Numerical Analysis HT24, Tridiagonal matrices
Flashcards
Quickly describe an algorithm for converting a symmetric matrix $A \in \mathbb R^{n \times n}$ into a tridiagonal matrix via an orthogonal similarity transformation.
Write the symmetric $A$ in $2 \times 2$ block form (block sizes $1$ and $n-1$):
\[A = \begin{pmatrix} \gamma & u^\top \\\\ u & B \end{pmatrix}\]with $\gamma \in \mathbb R$, $u \in \mathbb R^{n-1}$, and $B \in \mathbb R^{(n-1) \times (n-1)}$ symmetric.
Choose $\hat w \in \mathbb R^{n-1}$ so the $(n-1) \times (n-1)$ Householder reflector $\hat H := H(\hat w)$ satisfies $\hat H u = \alpha e _ 1 = (\alpha, 0, \ldots, 0)^\top$, with $\alpha = \pm \|u\| _ 2$. Embed it as the $n \times n$ reflector
\[H = \begin{pmatrix} 1 & 0 \\\\ 0 & \hat H \end{pmatrix}\]which fixes the first coordinate (so it does not touch $\gamma$ or the first row/column).
Left multiply (acts on rows $2, \ldots, n$ only):
\[H A = \begin{pmatrix} 1 & 0 \\\\ 0 & \hat H \end{pmatrix} \begin{pmatrix} \gamma & u^\top \\\\ u & B \end{pmatrix} = \begin{pmatrix} \gamma & u^\top \\\\ \hat H u & \hat H B \end{pmatrix} = \begin{pmatrix} \gamma & u^\top \\\\ \alpha e _ 1 & B' \end{pmatrix}\]The $(2,1)$ block is the explicit column $\hat H u = (\alpha, 0, \ldots, 0)^\top$, and $B' := \hat H B$ is the whole $(n-1) \times (n-1)$ trailing block (no special structure, and not yet symmetric). The first row $(\gamma, u^\top)$ is unchanged.
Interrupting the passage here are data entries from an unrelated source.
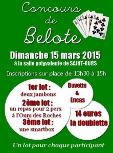 Puy de Dôme (63) Concours de belote dimanche 25 janvier 2015 à Cheix sur Morge – Puy de Dôme Détails du concours »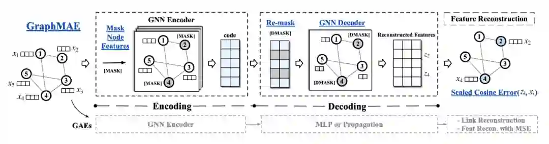 为了缓解现有 GAE 所面临的 4 个问题及使得 GAE 的表现能与对比图学习(contrastive graph learning)的相匹配或超越,这篇文章提出了一个用于自监督学习的屏蔽图自动编码器(masked graph autoencoder)——GraphMAE。GraphMAE 的核心思想在于重建被遮蔽的节点特征(masked node features)。具体来说,GraphMAE 引入了带有二次遮蔽策略(re-mask decoding strategy)的 GNN 作为解码器(decoder),而不是 MLP。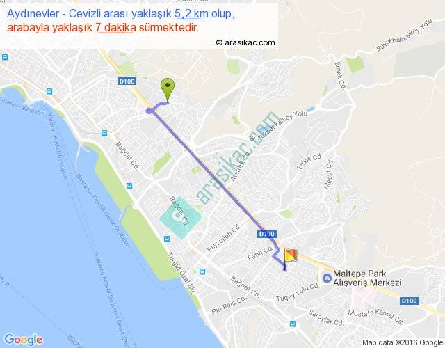 Aydınevler - Cevizli arası yaklaşık olarak 90 km/h ile yukarıda belirtilen sürede olup, iki yerin kuş uçuşu uzaklığı (mesafesi) 4'dir. Yolculuk otobüsle 9 dakika sürmektedir.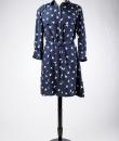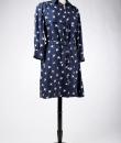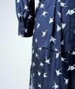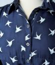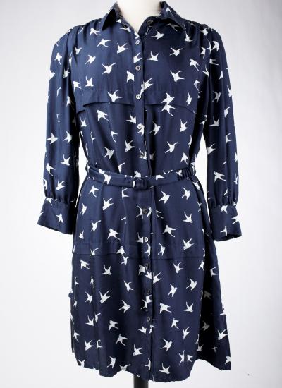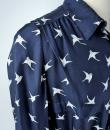 A Blouse dress in navy silk printed with swallows by Nina Ricci - France Circa 2000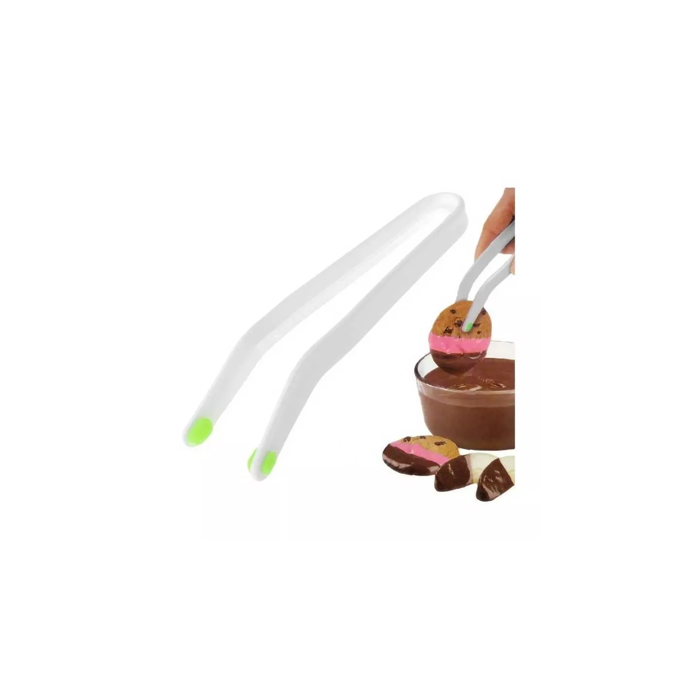 Estas pinzas son perfectas tanto para profesionales como para aficionados a la repostería, ayudando a realizar decoraciones elegantes y profesionales con facilidad. Su diseño ergonómico permite un manejo preciso y cómodo al sumergir galletas, frutas, bombones o cualquier postre en coberturas como chocolate, caramelo o glaseado. Fabricadas con plástico de alta calidad y puntas de silicona antideslizantes, estas pinzas garantizan una sujeción firme sin dañar los alimentos. Son ligeras, fáciles de usar y seguras para el contacto con alimentos. Además, gracias a su material resistente, son fáciles de limpiar y se pueden lavar a mano o en lavavajillas.
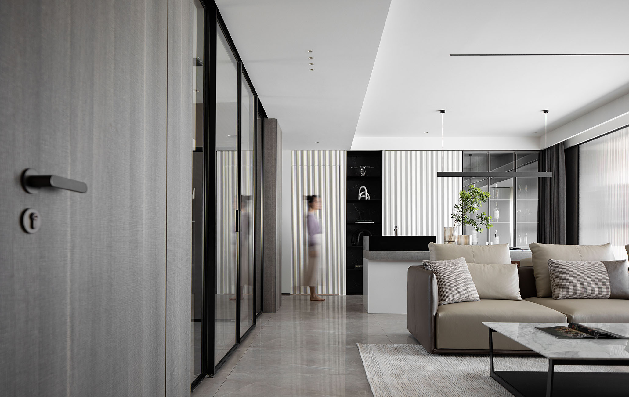 還是隱形門拼接處的毫厘分寸都彰顯出居住者對精致生活的追求,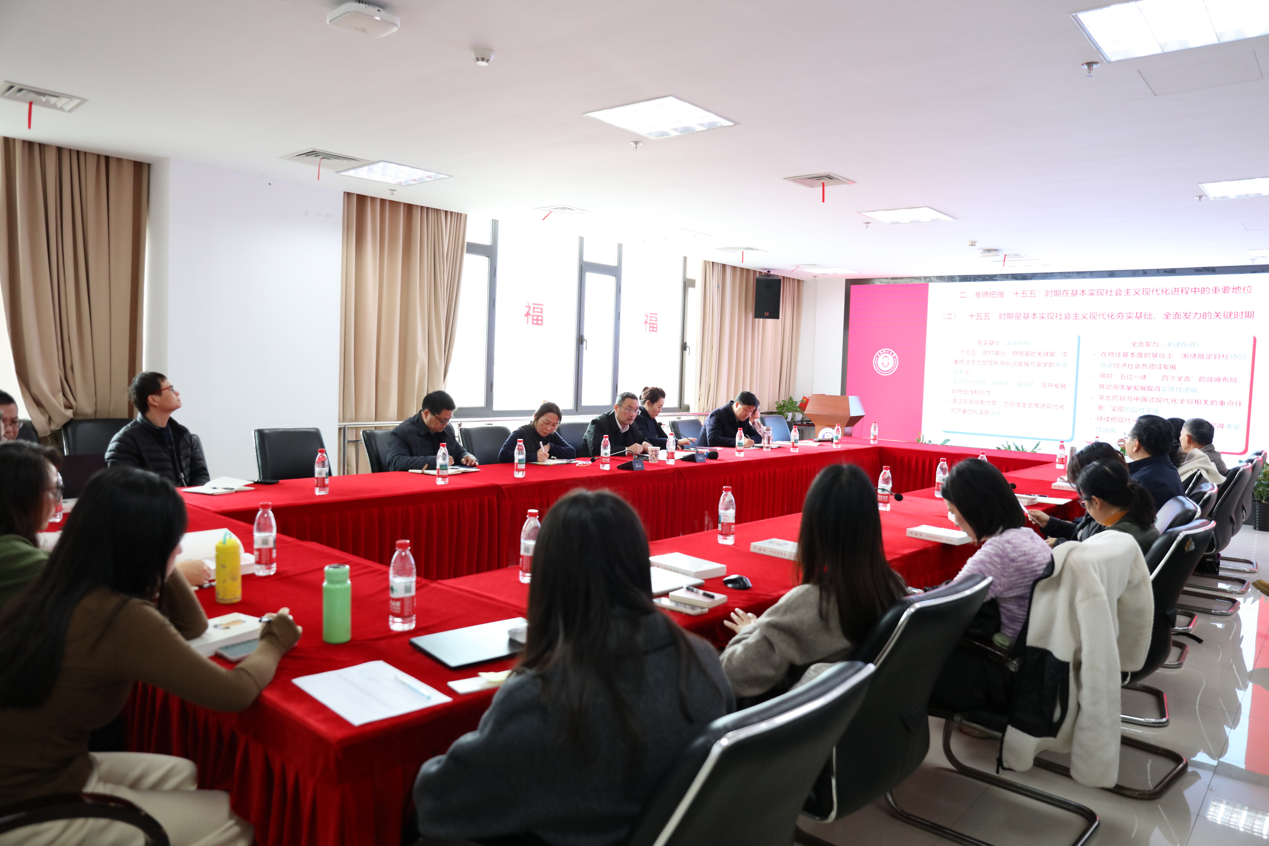 为深入学习贯彻党的二十届四中全会精神,准确把握“十五五”时期发展蓝图,并将其与学校、学院发展实践紧密结合,12月23日中午,校党委常委、总会计师赵明来到出版学院,以“学习贯彻党的二十届四中全会精神——为高质量发展培养卓越工程创新人才”为主题,为学院新闻传播学党支部全体教师党员讲授了一堂深刻而生动的专题党课。学院领导班子成员、党委委员一同参加学习。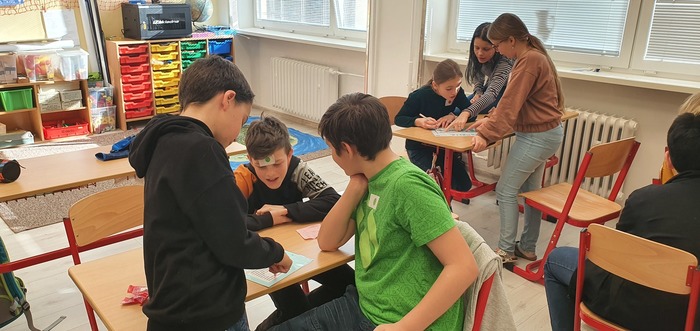 Recyklace a třídění odpadů jsou pojmy, se kterými si páťáci docela dobře rozumějí. V programu, který připravilo Ekocentrum Iris, roztřídili do správných nádob téměř všechen odpad. Společně si uvědomili důležitost třídění pro naši další existenci. V následující strategické hře Ostrov odpadů plnili různě obtížné úkoly k tomuto tématu, ale zároveň museli rozhodovat o promyšleném umísťování získaných žetonů, kterými mohli eliminovat zisk dalších družstev. Hra byla super.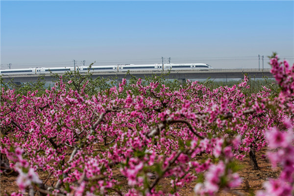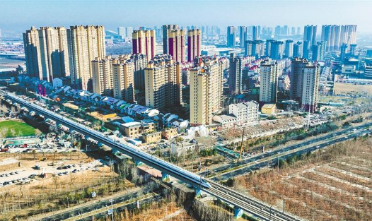 2月1日,一列動車組從塔元莊村旁駛過,村內樓房成行連片。石家莊日報記者梁子棟 攝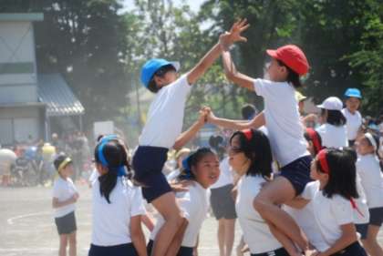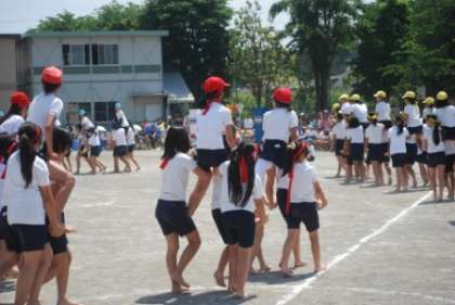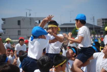プログラム6番は、5・6年生による「大栗川の乱」です。女子戦、男子戦がありました。4色入り乱れての戦いで、他の色より一騎でも多く帽子を取ろうと必死でした。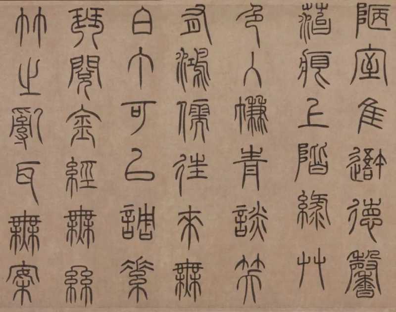 泰不华篆书作品欣赏《陋室铭》卷,纸本,纵36.9cm,横113.5cm。作者时年43岁,其书法兼善篆、隶、楷。篆法师宋徐铉,下笔多用方折,行笔圆活遒劲,结构疏朗工稳,末笔多作尖锋,即“悬针”笔法。此为迄今所见泰不华唯一的篆书真迹。作为一个少数民族文人,能写如此齐整秀逸的汉字古体,实属难能可贵,

Then right multiply by $H^\top = H$ (Householder reflectors are symmetric; acts on columns $2, \ldots, n$ only):
\[H A H^\top = \begin{pmatrix} \gamma & u^\top \\\\ \alpha e _ 1 & B' \end{pmatrix} \begin{pmatrix} 1 & 0 \\\\ 0 & \hat H \end{pmatrix} = \begin{pmatrix} \gamma & (\hat H u)^\top \\\\ \alpha e _ 1 & \hat H B \hat H \end{pmatrix} = \begin{pmatrix} \gamma & \alpha e _ 1^\top \\\\ \alpha e _ 1 & B'' \end{pmatrix}\]using $u^\top \hat H = (\hat H u)^\top = \alpha e _ 1^\top$. Now the first column and first row are both $(\gamma, \alpha, 0, \ldots, 0)$, the tridiagonal pattern in row/column $1$, and $B'' := \hat H B \hat H$ is symmetric and occupies the entire bottom-right $(n-1) \times (n-1)$ block.
Recurse on the trailing symmetric block $B''$, embedding each successive reflector as $\begin{pmatrix} I & 0 \\\\ 0 & \hat H _ k \end{pmatrix}$ so it fixes the already-tridiagonalised leading rows and columns. After $n-2$ two-sided steps,
\[(H _ {n-2} \cdots H _ 1)\, A \,(H _ 1 \cdots H _ {n-2}) = T\]is symmetric tridiagonal. Only $n-2$ reflectors are needed (the final trailing $2 \times 2$ block is already tridiagonal), and the transformation is an orthogonal similarity, so $\text{eig}(T) = \text{eig}(A)$.
Bite-sized
Why is tridiagonal form so valuable as preprocessing for the QR algorithm?
Once $A$ is tridiagonal, each QR step costs $O(n)$ via Givens (vs $O(n^2)$ for general Hessenberg, $O(n^3)$ for dense). Combined with the empirical $O(n)$ iterations of shifted QR per eigenvalue, total cost drops from a hypothetical $O(n^4)$ to $\tfrac{4}{3} n^3$ — the symmetric eigenvalue problem becomes genuinely $O(n^3)$.
Two-sided Householder similarity for symmetric $A$: apply $H _ k$ as $A \mapsto $ $H _ k A H _ k$, preserving symmetry and eigenvalues. The two-sided form is the key trick — one-sided $H _ k A$ would only zero column $k$ but break symmetry.